Evolvability, i.e. the set of mechanisms that facilitate evolution, can be adaptive itself under conditions that require an increased rate of adaptation, e.g. under increasing environmental stochasticity and stress (Ishii et al. 1989; Wagner and Altenberg 1996; Kirschner and Gerhart 1998; Earl and Deem 2004; Kashtan et al. 2007; Lee and Gelembiuk 2008; Brookfield 2009; Whitacre and Bender 2010). One example is the evolution of mutation rates, which can lead to increased levels of genetic diversity and thus increased evolvability (Kimura 1967; Leigh Jr 1970; Leigh Jr 1973; Ishii et al. 1989; Sniegowski et al. 1997; Taddei et al. 1997; Metzgar and Wills 2000; Bedau and Packard 2003; Denamur and Matic 2006). In such a system a mutator gene codes for the rate of mutation at a second gene under selection. In this latter gene, the number of mutations can thus increase, generating more genetic variation for selection to act on, as such enabling adaptation to changing selection pressures (Kimura 1967; Leigh Jr 1970; Leigh Jr 1973; Taddei et al. 1997; Metzgar and Wills 2000; Sniegowski et al. 2000; Bedau and Packard 2003). During the colonization of a spatially heterogeneous environment, the mutation rate can therefore be expected to increase, by generating more genetic diversity and thereby enabling the local adaptation of recently established populations. In addition, in such a scenario of range expansion, iterated founder effects (Cobben et al. 2011) and increasing relatedness between individuals (Kubisch et al. 2013b) reduce local genetic diversity at the expansion front, while dispersal rates and invasion speed increase (Phillips et al. 2006; Phillips et al. 2010a). These combined conditions may lead to a further increased selection for high mutation rates. With the establishment of a stable range border, after range expansion, the selection pressures change and a return to lower mutation rates is expected.
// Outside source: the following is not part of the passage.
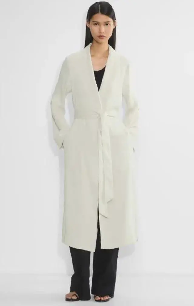 A Babaton staple that combines the ease of a robe with the polish of a blazer, this is a wrap jacket with a removable belt, patch pockets and side slits. Its cut from drapey matte satin thats made with recycled materials.
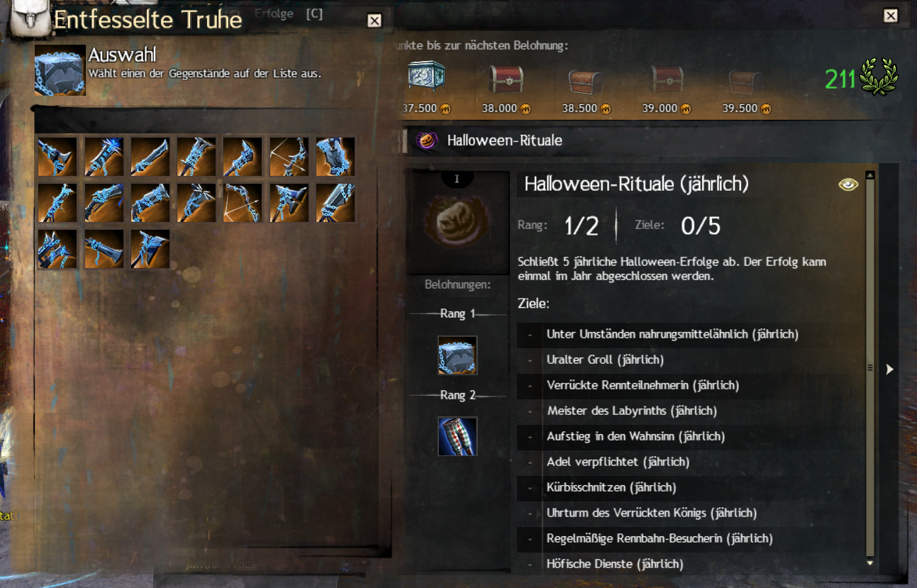 Zwei Erfolge, die für den Meta-Abschluss wichtig sind. Setzt die Halloween-Rituale auf die Beobachtungsliste, um die jährlichen Erfolge zu tracken. Das Spart Platz und hält eure Watchlist in Ordnung.

In this study, we investigate 1) whether there is co-evolution between dispersal rates and mutation rates during range expansion, 2) how this affects the genetic diversity across the range, and 3) the evolutionary dynamics under spatial equilibrium after range border establishment. For this, we have simulated a range establishment of a sexual, diploid species on a spatial gradient in altitude, involving both a temporal gradient requiring local adaptation, and a gradient in habitat fragmentation, i.e. dispersal mortality, to secure the establishment of a stable range border.
The Model
We are using a spatially explicit individual-based metapopulation model of a sexually reproducing species with discrete generations distributed along an elevational gradient. The basic model has already been successfully applied in theoretical studies, mainly focused on dispersal evolution (Travis et al. 1999; Kubisch et al. 2010; Fronhofer et al. 2011; Kubisch et al. 2013a; Kubisch et al. 2013b) and was parameterized using empirical data (Poethke et al. 1996; Amler et al. 1999). For the current study we allow the mutation rate of local adaptation to be adaptive, and investigate its interplay with the evolution of dispersal rate during and after the range establishment on an elevational gradient.
Landscape
The simulated landscape consists of 250 columns (x-dimension) of 20 patches each (y-dimension). We assume wrapped borders, building a torus. Hence, if an individual leaves the world in y-direction during dispersal, it will reenter the simulated world on the opposite side. However, if it leaves the world in the x-direction, it is lost from the simulation. While most studies investigating range expansions across an environmental gradient, for the sake of simplicity focus on a single parameter changing along space, a typical elevational gradient is known to involve both a decreasing temperature and increasing habitat fragmentation (Körner and Paulsen 2004). Thus, in our model firstly every column of patches (x-position) is characterized by its specific abiotic habitat conditions τx. Throughout this manuscript, τx will be interpreted as ‘mean temperature’. This mean local temperature is used for the determination of local adaptation of individuals. To simulate a large-scale habitat gradient, x changes linearly from τx=1 = 0 to τx=250 = 0 along the x-dimension, i.e. by Δτ,x = 0.04 when moving one step in x-direction. Secondly, to account for habitat fragmentation in terms of patch isolation, each x-position is characterized by a certain degree of dispersal mortality. The probability to die upon emigration μ changes linearly from μx=1 = 0 to μx=250 = 1 along the x-dimension.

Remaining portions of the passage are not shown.